HTRK formed as a trio in Melbourne in 2003 and the band’s moody noise experiments quickly became a talking point in underground circles. Then in 2009 the Rowland S. Howard-produced debut Marry Me Tonight brought the group major recognition. Early last month HTRK unveiled their third LP, Psychic 9-5 Club. The album is the first to be constructed without founding bass player Sean Stewart, who tragically killed himself while they were based in London in 2010. Psychic 9-5 Club isn’t a drastic departure from its 2011 predecessor – the hypnotic and sometimes industrial Work (Work, Work) – but many of the tracks possess a warmth and immediacy they didn’t previously emphasise.

“The direction Psychic 9-5 Club has gone is probably how we were wanting Work to go,” says Standish. “The production of Work (Work, Work) was really infiltrated by what we had at our disposal. It was really important that Sean played on the album. We were three-quarters of the way through when he died and we were left with a lot of demos, a lot of mp3s, so the whole album became quite murky and lo-fi.

“The idea for that album was that it was going to have more clarity. We were looking at the producer of [Roxy Music’s] Avalon and the engineers for albums like that; [albums] that had leaner qualities and higher production values and a pop radio aesthetic.”

In 2012 Standish and Yang travelled to New Mexico to work with Nathan Corbin of New York experimental noise outfit Excepter. The plan was to record an EP, but the constructive synergy established with Corbin meant that producing an entire album soon became imperative.

“I think me and Nigel took over five demos,” Standish remembers. “Then, when we were with Nathan, we’d just be talking and the next minute Nathan would put down a synth line and then we’d all start working on top of it and we had some new songs. He’s just got a really intuitive and amazing way with sounds. He’s really precise and warm and clean.

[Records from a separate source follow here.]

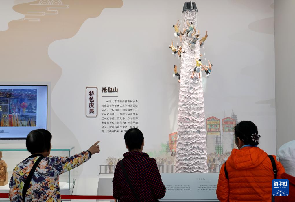 在广东省非物质文化遗产馆里,香港传统庆典活动“抢包山”模型吸引了游客的目光(12月6日摄)。
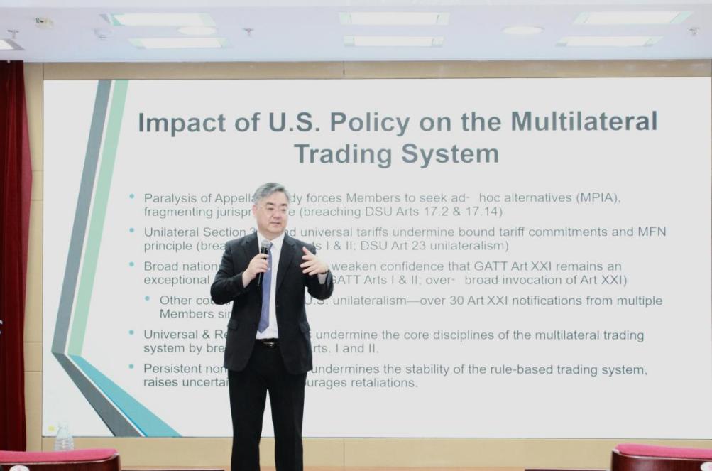 本次讲座,Y.S.Lee教授主要从WTO上诉机构,301条款行动、利用国家理由加征关税和普遍的互惠关税四个方面展开美国贸易政策对多边贸易体系的影响。Y.S.Lee教授用中国就美国加征关税向WTO提起诉讼,专家组已裁定美国违规,但因上诉机构瘫痪,裁决无法生效来说明WTO上诉机构瘫痪对全球贸易产生的不利影响。并强调美国依据《1974年贸易法》第301条对中国商品加征关税直接违反了GATT最惠国待遇原则,并导致全球保护主义趋势加强。Y.S.Lee教授用通俗易懂的例子指出美国普遍关税对全球矛盾的激化:“将贸易逆差简单归咎于‘不公平贸易’,就像去商店购物产生逆差,却指责商店‘不公平’—— 美国逆差本质是消费者选择中国商品的结果。”最后Y.S.Lee教授总结,美国政策正从阻止任命导致上诉机构瘫痪、单边制裁泛滥、安全条款滥用和关税约束失效这四个方面破坏 WTO 体系和全球贸易。
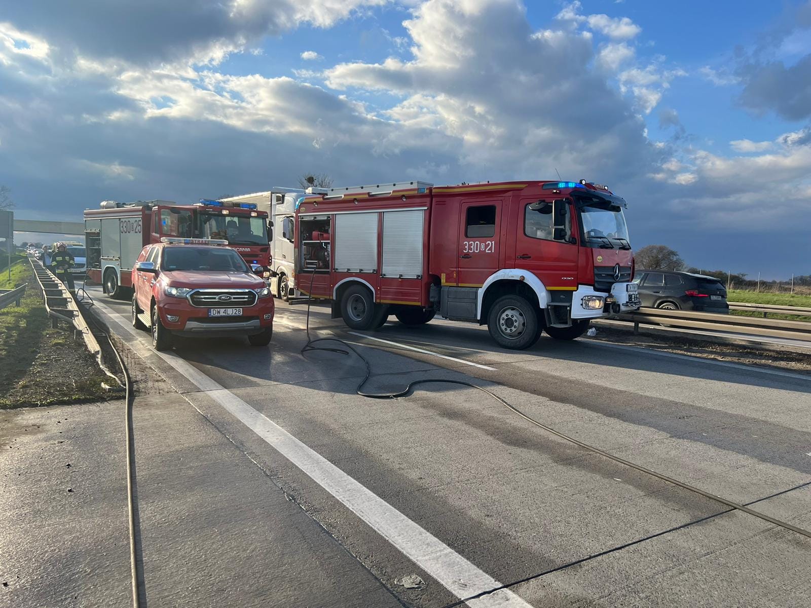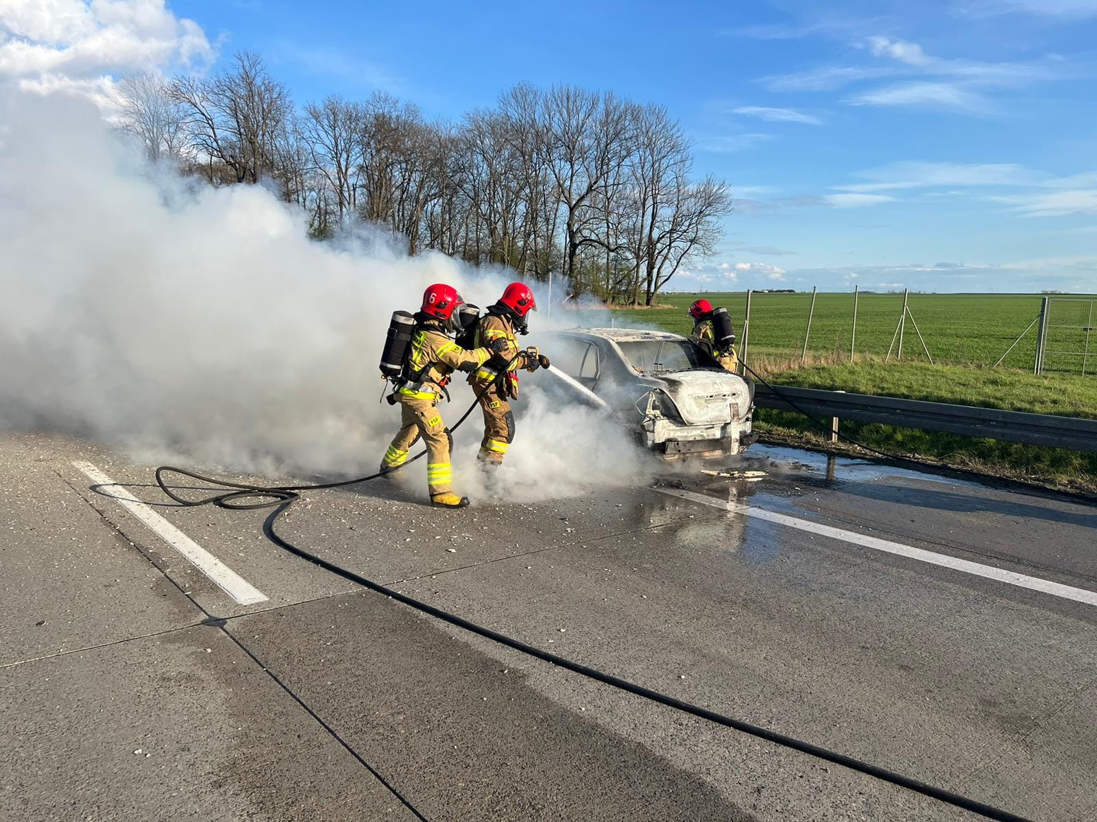 Pożaru samochodu osobowego na autostradzie A4 w kierunku Wrocławia
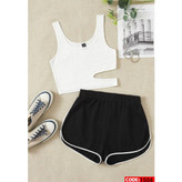 1504 ست کراپ نیمتنه نیم تنه شورتک شرتک فانریپ پنبه کبریتی فری سایز 36 تا 42 تن شیک
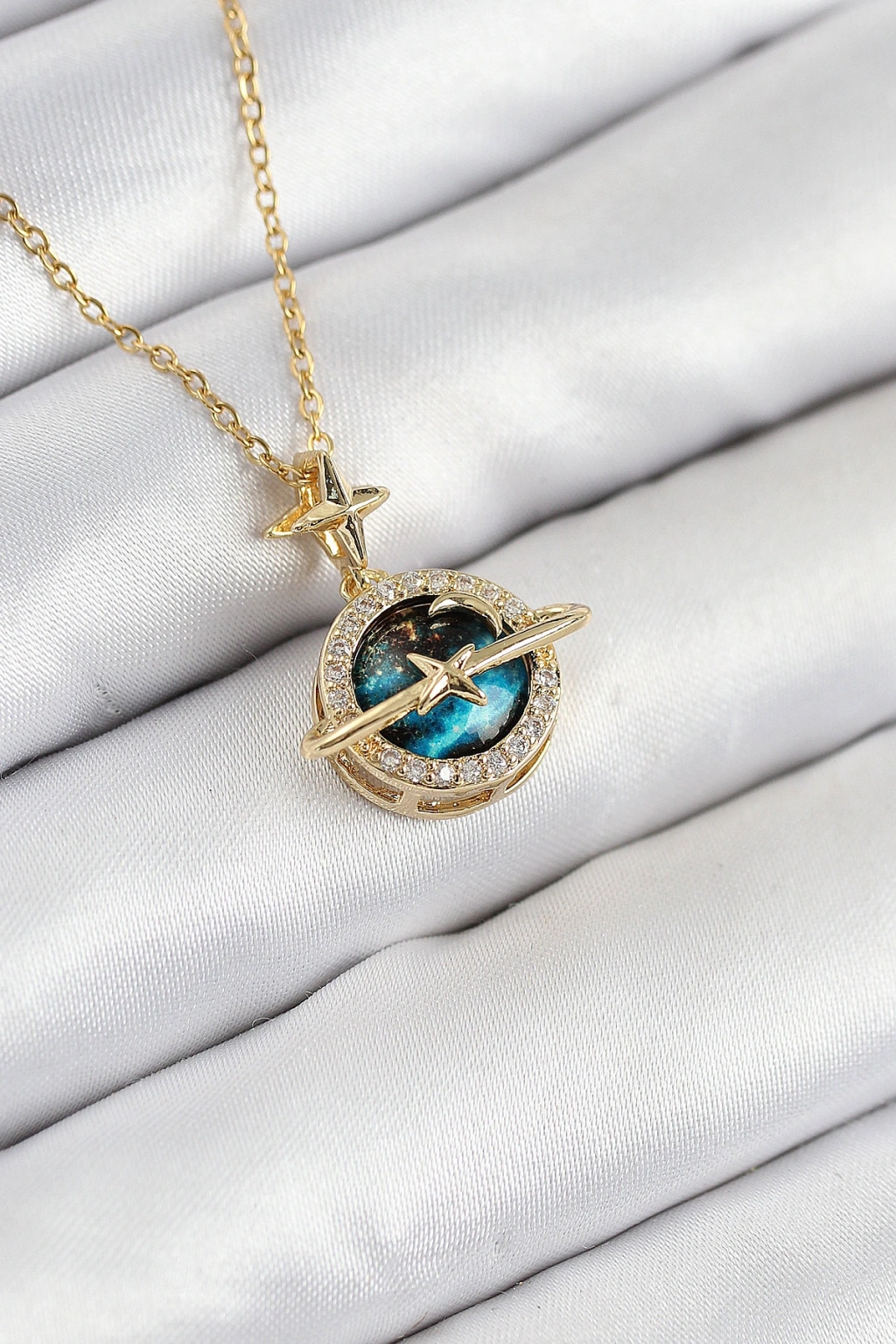 316L Çelik Zirkon Taşlı Gezegen Model Gold Renk Kadın Kolye
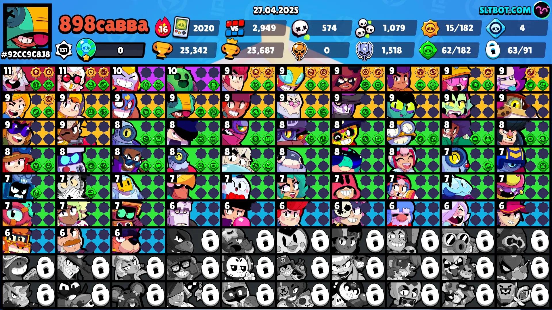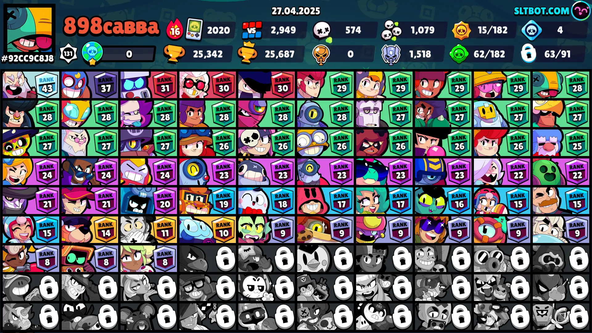 35 SKINS 🩵 25.342 TROPHIES 🏆 63 BRAWLERS 🧸 HYPERCHARGED 🩸 2 MAX BRAWLERS 🩷 BELLE GOLDHAND 🩵 CLASSIC SHELLY🩵 GUNSLINGER COLT 🩵 DESPERADO POCO 🩵 BIKER CARL 🩵 VALKYRIE JANET 🎀

“Towards the end of the album we had this space in mind, the kind of club that this music would exist or be played [in]. We were talking about great new dance music scenes [that] come out of new street drugs and that hasn’t happened for a while. We envisioned a place that, if there wasn’t any drugs but you could get to a higher consciousness, what music would be in that club?” We can only enter Psychic 9-5 Club to find out.